▸ Task item: Your answer should be the lines from the one with "意味不明あだ名 | 『永久保存ゆうなぽこ』『自称ゆうなぽこ』 |" to the end of the data below, both included, exact and free of pictures.

### Data provided ###

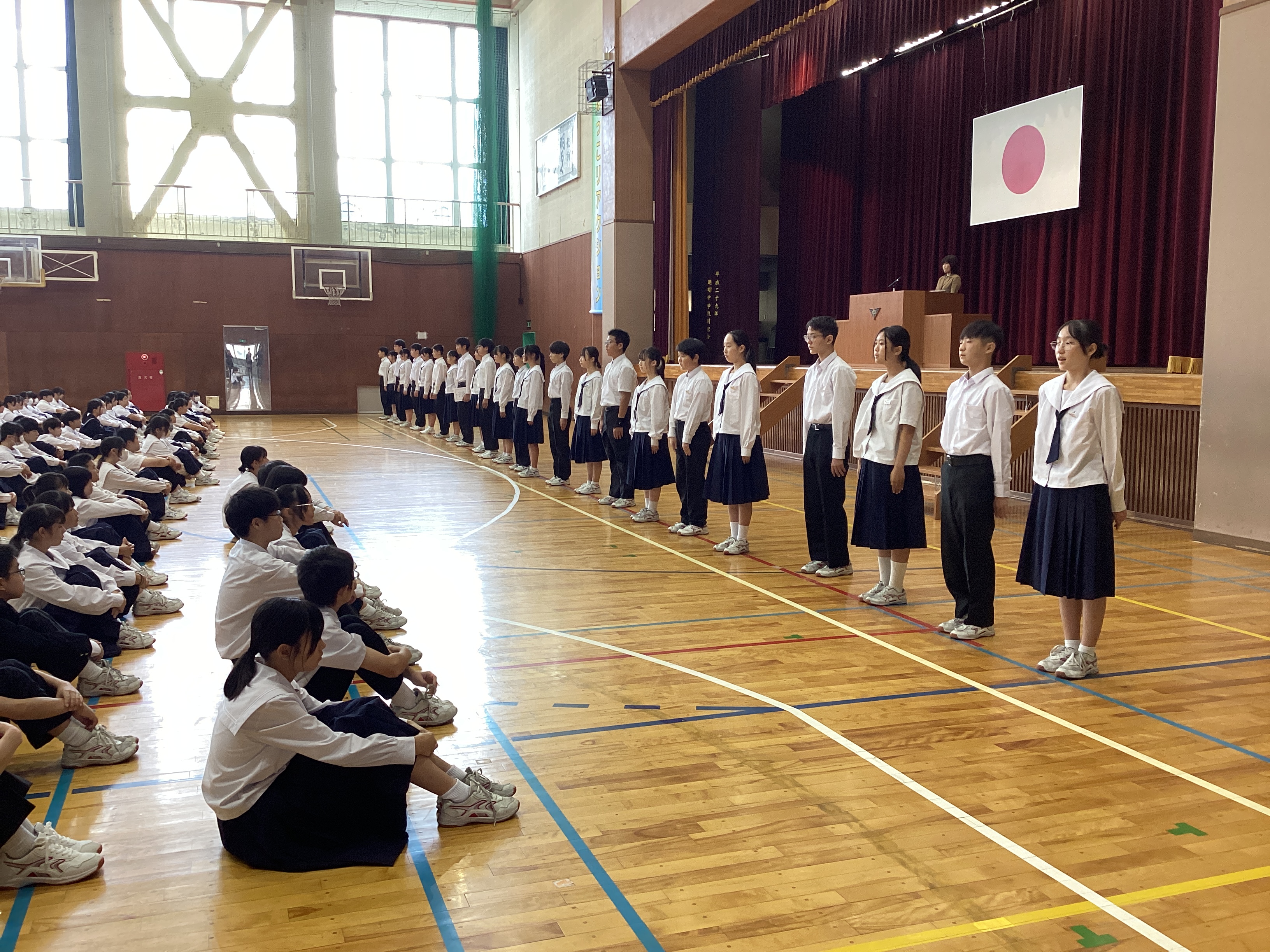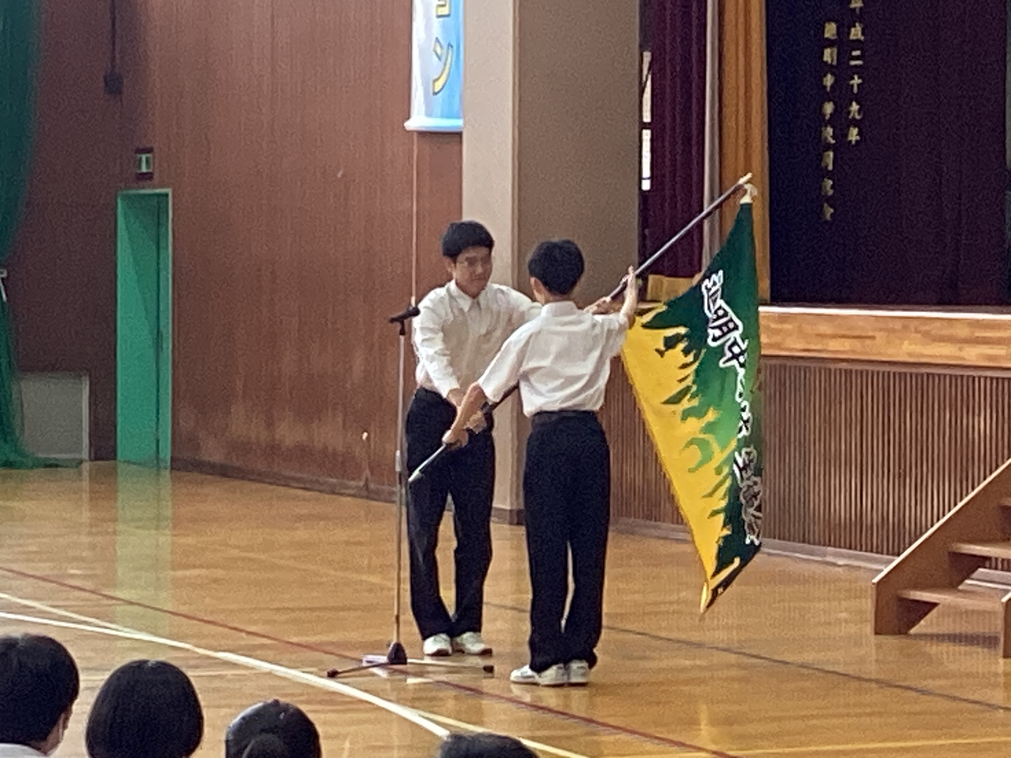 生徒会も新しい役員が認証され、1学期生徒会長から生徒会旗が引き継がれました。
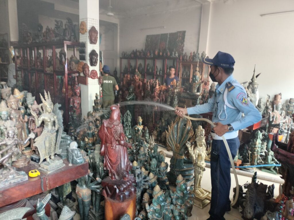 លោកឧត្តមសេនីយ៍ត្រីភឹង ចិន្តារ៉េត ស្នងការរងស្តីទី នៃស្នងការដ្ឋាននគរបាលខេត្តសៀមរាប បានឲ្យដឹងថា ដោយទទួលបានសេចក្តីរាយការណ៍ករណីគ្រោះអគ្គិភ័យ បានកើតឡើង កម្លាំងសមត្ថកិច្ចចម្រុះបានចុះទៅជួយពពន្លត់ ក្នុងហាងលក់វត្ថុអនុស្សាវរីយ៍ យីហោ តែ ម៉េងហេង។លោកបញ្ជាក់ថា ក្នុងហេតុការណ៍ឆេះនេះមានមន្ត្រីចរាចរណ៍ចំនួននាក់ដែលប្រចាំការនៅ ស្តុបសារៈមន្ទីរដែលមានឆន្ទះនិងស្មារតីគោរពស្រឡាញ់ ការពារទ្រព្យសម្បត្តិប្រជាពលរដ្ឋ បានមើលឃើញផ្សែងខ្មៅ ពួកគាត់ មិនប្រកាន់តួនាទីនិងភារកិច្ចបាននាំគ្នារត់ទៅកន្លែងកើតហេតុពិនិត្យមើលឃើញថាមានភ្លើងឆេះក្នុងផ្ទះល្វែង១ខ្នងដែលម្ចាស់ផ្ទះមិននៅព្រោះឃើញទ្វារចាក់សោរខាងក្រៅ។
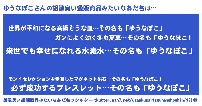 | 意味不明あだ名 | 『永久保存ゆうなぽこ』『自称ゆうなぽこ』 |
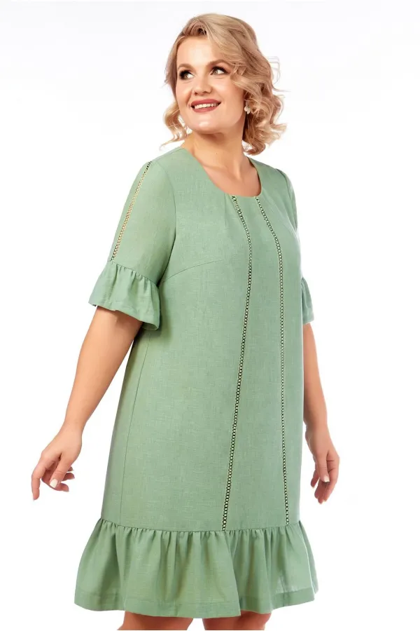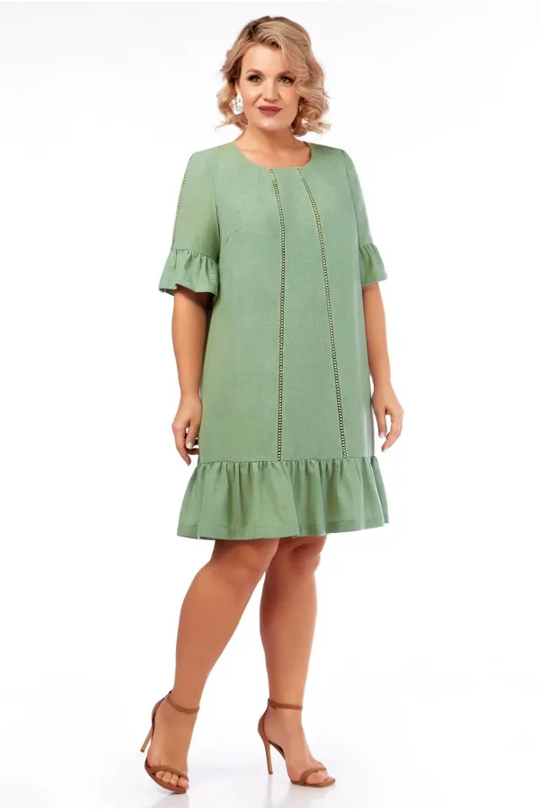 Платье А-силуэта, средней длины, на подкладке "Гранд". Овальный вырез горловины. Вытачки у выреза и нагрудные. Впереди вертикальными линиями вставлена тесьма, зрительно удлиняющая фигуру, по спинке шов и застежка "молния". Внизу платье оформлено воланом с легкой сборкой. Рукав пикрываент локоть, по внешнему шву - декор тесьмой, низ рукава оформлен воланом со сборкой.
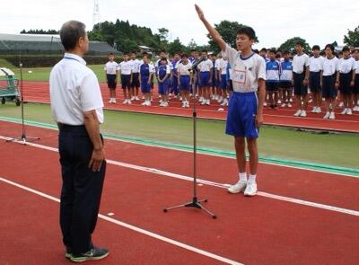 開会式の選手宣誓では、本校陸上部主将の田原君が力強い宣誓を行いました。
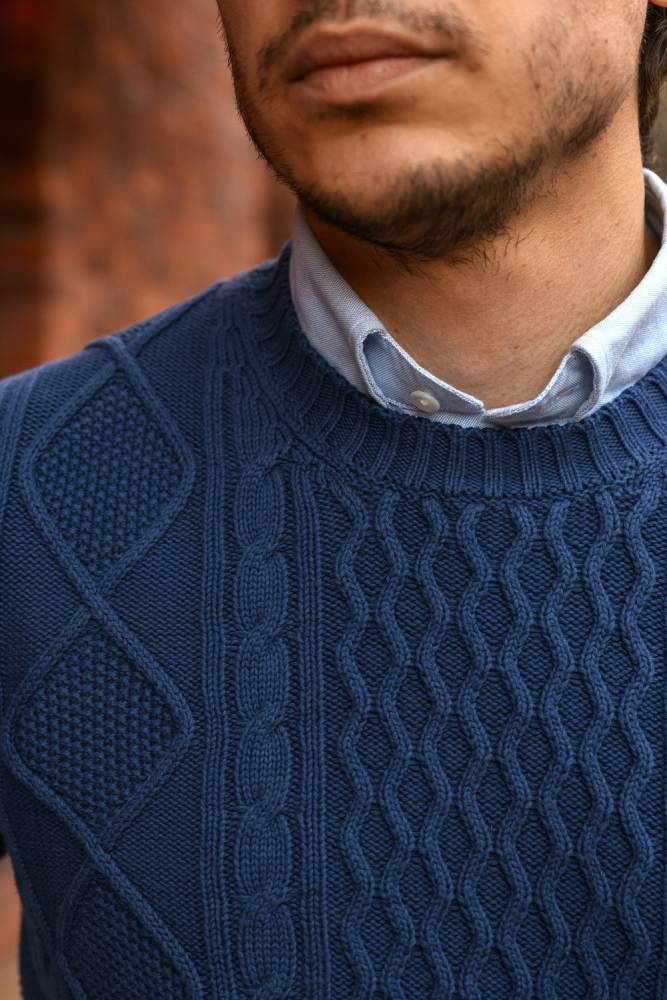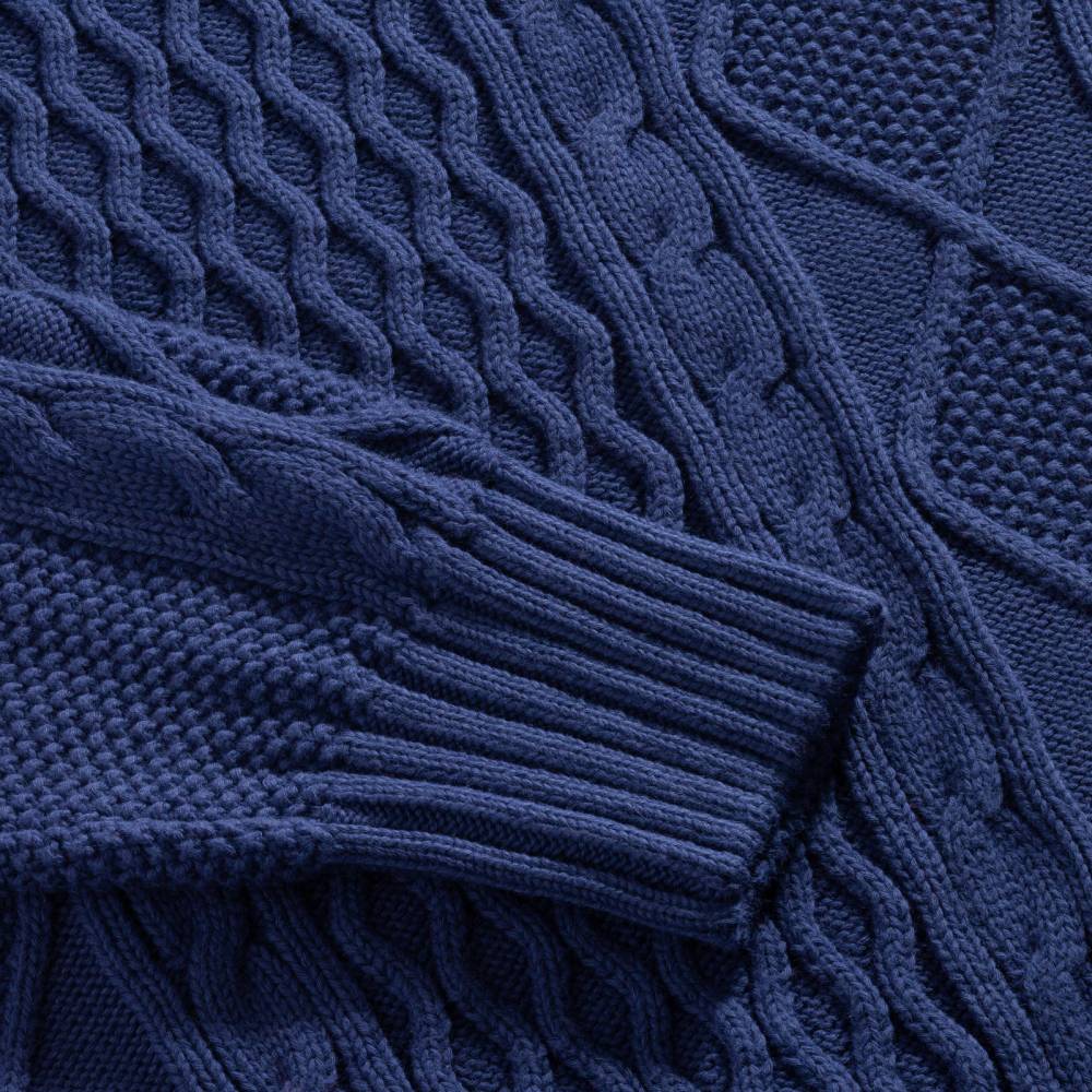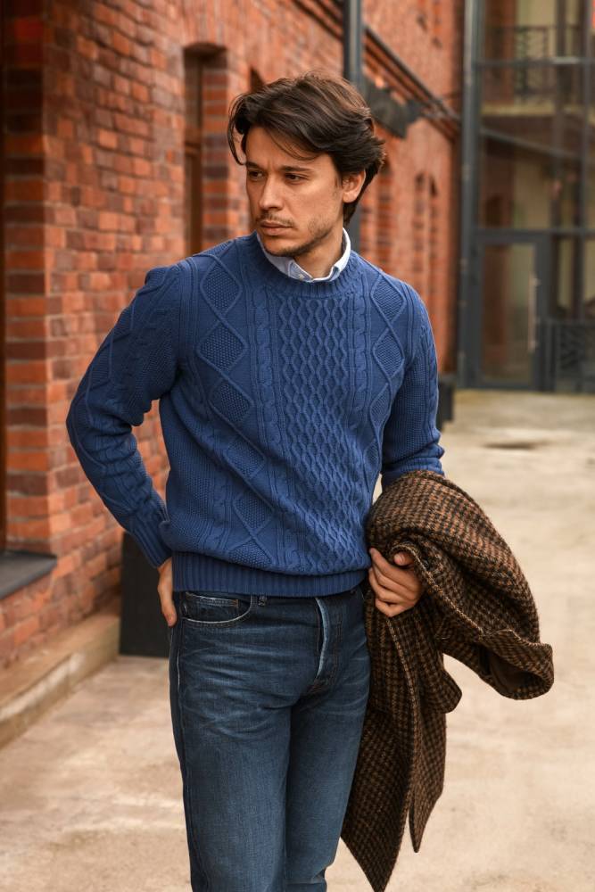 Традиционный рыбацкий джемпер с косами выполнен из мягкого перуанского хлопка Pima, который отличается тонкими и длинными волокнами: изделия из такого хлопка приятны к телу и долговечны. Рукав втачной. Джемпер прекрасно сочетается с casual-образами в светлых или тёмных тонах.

###

▸ Result of the exercise:
 | 意味不明あだ名 | 『永久保存ゆうなぽこ』『自称ゆうなぽこ』 |
 Платье А-силуэта, средней длины, на подкладке "Гранд". Овальный вырез горловины. Вытачки у выреза и нагрудные. Впереди вертикальными линиями вставлена тесьма, зрительно удлиняющая фигуру, по спинке шов и застежка "молния". Внизу платье оформлено воланом с легкой сборкой. Рукав пикрываент локоть, по внешнему шву - декор тесьмой, низ рукава оформлен воланом со сборкой.
 開会式の選手宣誓では、本校陸上部主将の田原君が力強い宣誓を行いました。
 Традиционный рыбацкий джемпер с косами выполнен из мягкого перуанского хлопка Pima, который отличается тонкими и длинными волокнами: изделия из такого хлопка приятны к телу и долговечны. Рукав втачной. Джемпер прекрасно сочетается с casual-образами в светлых или тёмных тонах.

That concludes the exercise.